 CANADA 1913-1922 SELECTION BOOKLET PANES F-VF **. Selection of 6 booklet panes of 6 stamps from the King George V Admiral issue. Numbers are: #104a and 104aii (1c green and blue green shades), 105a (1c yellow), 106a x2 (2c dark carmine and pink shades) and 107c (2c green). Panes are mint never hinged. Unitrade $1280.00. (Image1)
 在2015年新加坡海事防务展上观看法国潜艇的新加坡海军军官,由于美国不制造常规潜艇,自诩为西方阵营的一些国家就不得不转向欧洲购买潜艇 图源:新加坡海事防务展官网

•••

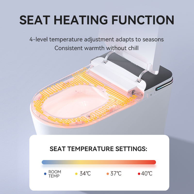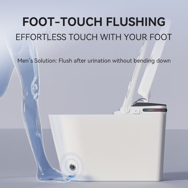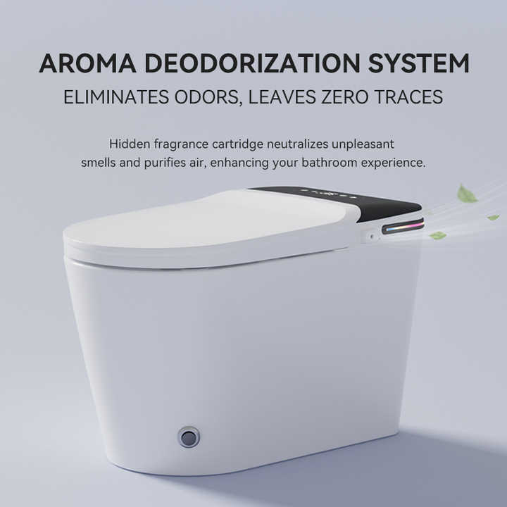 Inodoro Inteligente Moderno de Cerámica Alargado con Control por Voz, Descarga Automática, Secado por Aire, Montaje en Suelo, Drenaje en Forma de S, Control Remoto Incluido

•••

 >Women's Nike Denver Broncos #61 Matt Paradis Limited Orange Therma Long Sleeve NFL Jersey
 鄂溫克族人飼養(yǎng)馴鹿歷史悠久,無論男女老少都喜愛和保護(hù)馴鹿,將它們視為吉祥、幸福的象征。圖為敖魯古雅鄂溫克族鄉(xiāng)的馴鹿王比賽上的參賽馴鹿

•••

Work order: Using the entries above, give back exactly the line containing "Sleeve NFL Jersey", the line containing "鄂溫克族人飼養(yǎng)馴", and every line between them, and nothing else.

Problem solution:
 >Women's Nike Denver Broncos #61 Matt Paradis Limited Orange Therma Long Sleeve NFL Jersey
 鄂溫克族人飼養(yǎng)馴鹿歷史悠久,無論男女老少都喜愛和保護(hù)馴鹿,將它們視為吉祥、幸福的象征。圖為敖魯古雅鄂溫克族鄉(xiāng)的馴鹿王比賽上的參賽馴鹿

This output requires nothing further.